[What the exercise asks]
Transcribe the entries that follow, every word as written, and drop the pictures.

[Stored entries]
::::::::

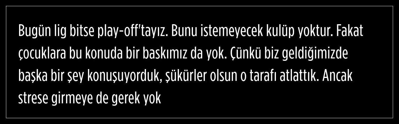 Kalan 4 maçı kazanmak istediklerini ifade eden Keçiörengücü Teknik Direktörü Sedat Ağçay, play-off'ta mücadele etmek istediklerini söyledi.
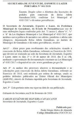 das inscrições de pedidos visando a concessão da Bolsa Atleta Garanhuns/2018.
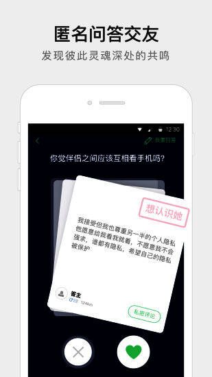 【匿名聊天】除实名制社交,还有匿名聊天功能,让你在朋友不知身份的情况下畅聊。
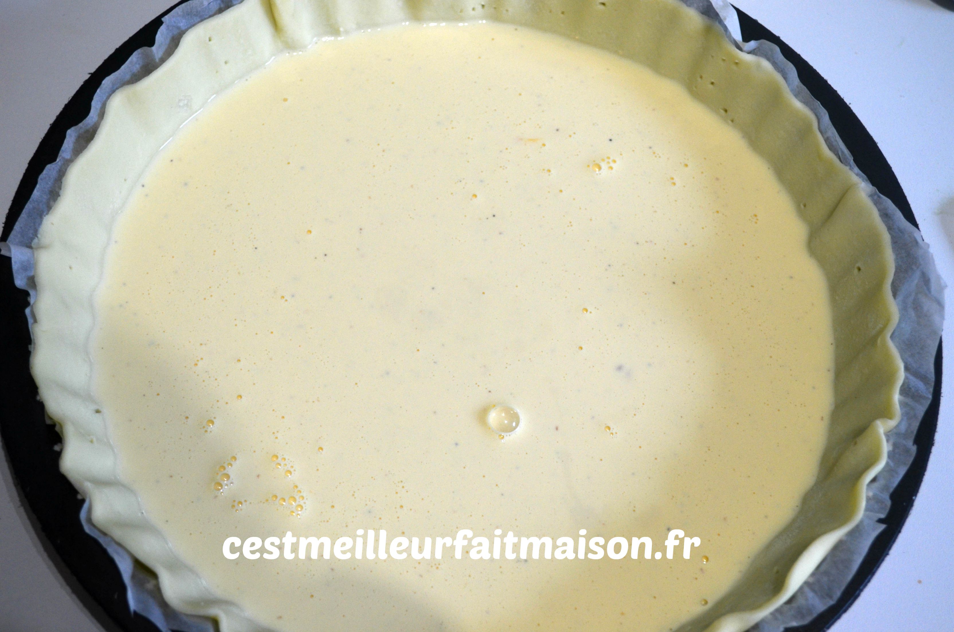 2- Foncer un moule à tarte avec la pâte feuilletée. Piquer la pâte et verser la préparation. Réserver au frais.
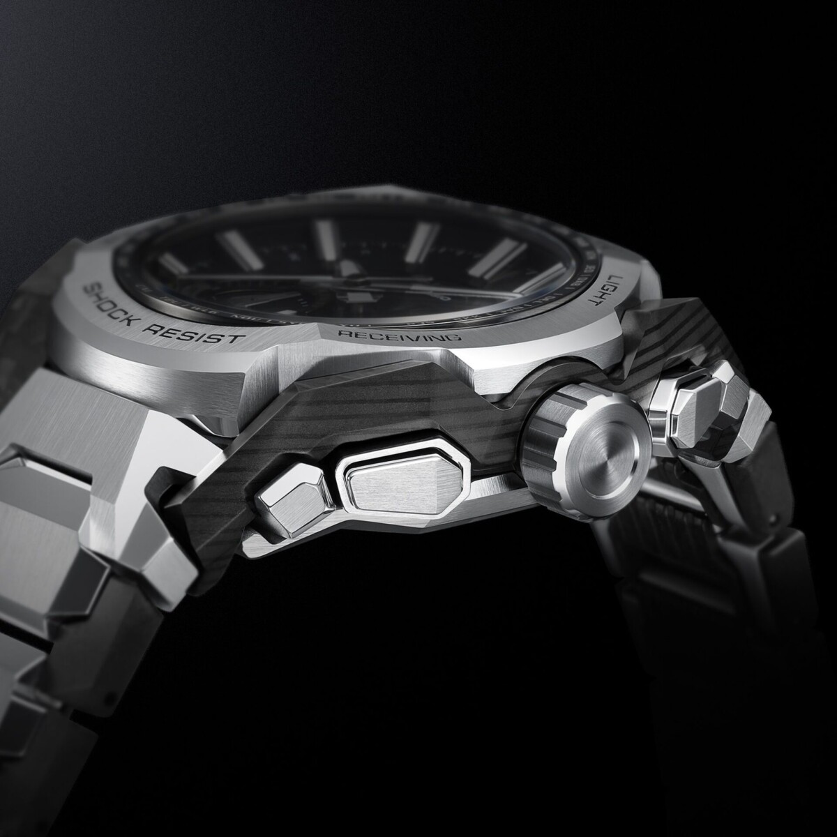 バンドは、ステンレススチールとカーボンファイバー強化樹脂を組み合わせたレイヤーコンポジットバンド。裏蓋は、粉末状の金属を射出成形するMIM(メタルインジェクションモールディング)成形により立体的に成形され、ケースを保護しています。 機能面ではBluetooth®通信機能により専用アプリ「CASIO WATCHES」と接続し時刻情報を取得。マルチバンド6やタフソーラー、高輝度なLEDライトも搭載し実用的な機能を備えています。
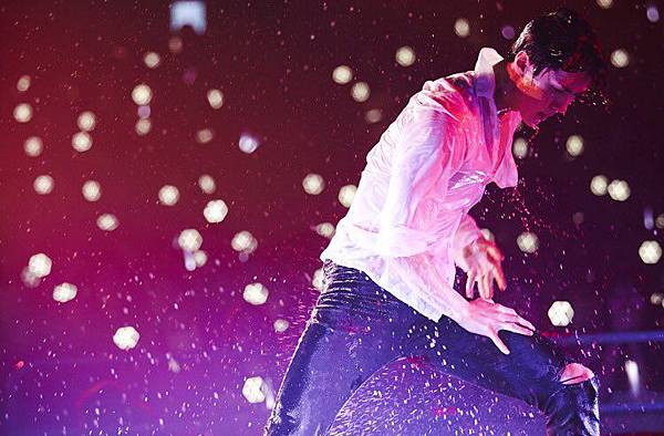 水舞一開始,全場暗燈之後,只有左側(也就是忙內)這側有打燈,聚光燈在諾大的體操競技場中
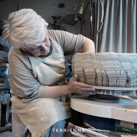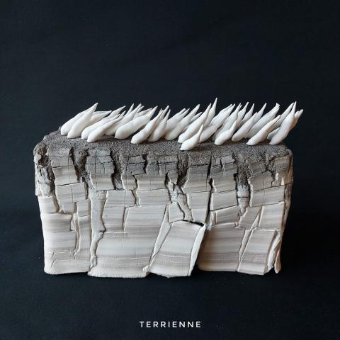 A 45 ans, elle a ouvert son atelier TERRIENNE, affirmant pleinement son identité de céramiste, son lien profond à la terre et à la condition humaine. Ses œuvres évoquent des formes que l’on croit reconnaître : fragments de paysages, parois rocheuses, réminiscences marines, insectes ou structures végétales.
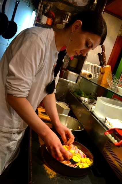 First, Anita washed and sliced a brilliant mélange of vegetables: potatoes, carrots, onions, and zucchini, arranging them in a flat, round tray.
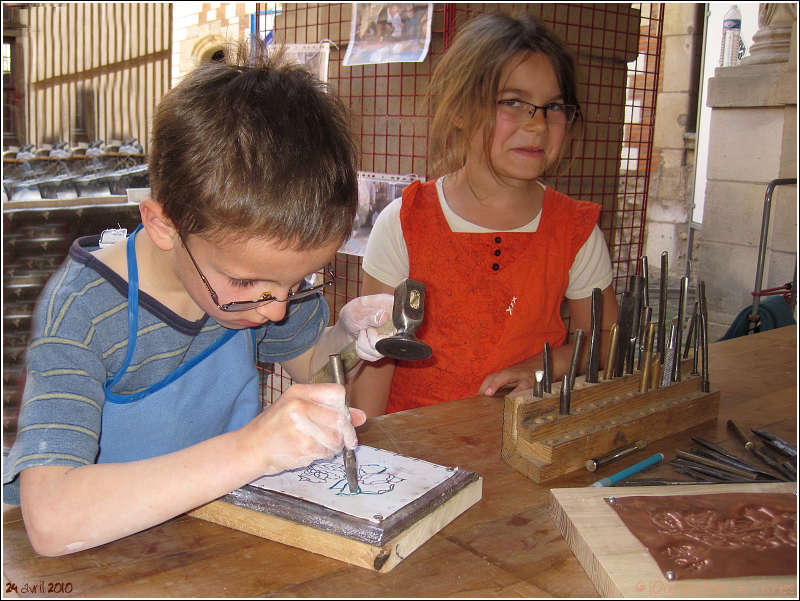 Pendant cette journée, les jeunes de l’Outil en Main de Troyes ont enchaîné les démonstrations. Les enfants de passage ont pour la plupart découvert les différents métiers proposés par nos animateurs et s’y sont exercé. Ils ont ainsi rencontré le calligraphe, le dinandier, le maçon, le menuisier, le peintre/staffeur, le plombier, le relieur, le sculpteur sur pierre, et la vitrailliste.
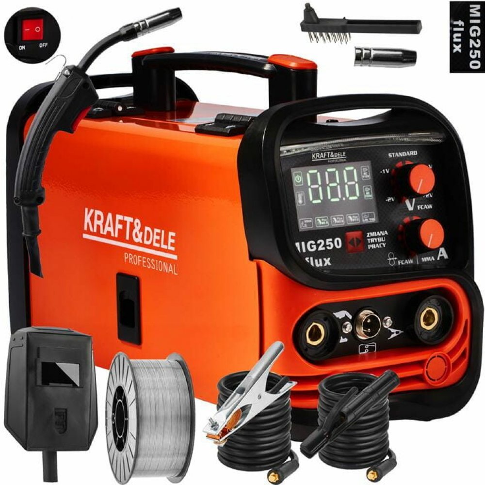 Svářečka značky Kraft&Dele model KD1875 je poloautomat s univerzálním využitím, určený ke svařování nerezové oceli, slitinových ocelí, uhlíkové oceli, mědi a dalších neželezných kovů. Vyznačuje se jednofázovým napájením.

::::::::

[Exercise solution]
 Kalan 4 maçı kazanmak istediklerini ifade eden Keçiörengücü Teknik Direktörü Sedat Ağçay, play-off'ta mücadele etmek istediklerini söyledi.
 das inscrições de pedidos visando a concessão da Bolsa Atleta Garanhuns/2018.
 【匿名聊天】除实名制社交,还有匿名聊天功能,让你在朋友不知身份的情况下畅聊。
 2- Foncer un moule à tarte avec la pâte feuilletée. Piquer la pâte et verser la préparation. Réserver au frais.
 バンドは、ステンレススチールとカーボンファイバー強化樹脂を組み合わせたレイヤーコンポジットバンド。裏蓋は、粉末状の金属を射出成形するMIM(メタルインジェクションモールディング)成形により立体的に成形され、ケースを保護しています。 機能面ではBluetooth®通信機能により専用アプリ「CASIO WATCHES」と接続し時刻情報を取得。マルチバンド6やタフソーラー、高輝度なLEDライトも搭載し実用的な機能を備えています。
 水舞一開始,全場暗燈之後,只有左側(也就是忙內)這側有打燈,聚光燈在諾大的體操競技場中
 A 45 ans, elle a ouvert son atelier TERRIENNE, affirmant pleinement son identité de céramiste, son lien profond à la terre et à la condition humaine. Ses œuvres évoquent des formes que l’on croit reconnaître : fragments de paysages, parois rocheuses, réminiscences marines, insectes ou structures végétales.
 First, Anita washed and sliced a brilliant mélange of vegetables: potatoes, carrots, onions, and zucchini, arranging them in a flat, round tray.
 Pendant cette journée, les jeunes de l’Outil en Main de Troyes ont enchaîné les démonstrations. Les enfants de passage ont pour la plupart découvert les différents métiers proposés par nos animateurs et s’y sont exercé. Ils ont ainsi rencontré le calligraphe, le dinandier, le maçon, le menuisier, le peintre/staffeur, le plombier, le relieur, le sculpteur sur pierre, et la vitrailliste.
 Svářečka značky Kraft&Dele model KD1875 je poloautomat s univerzálním využitím, určený ke svařování nerezové oceli, slitinových ocelí, uhlíkové oceli, mědi a dalších neželezných kovů. Vyznačuje se jednofázovým napájením.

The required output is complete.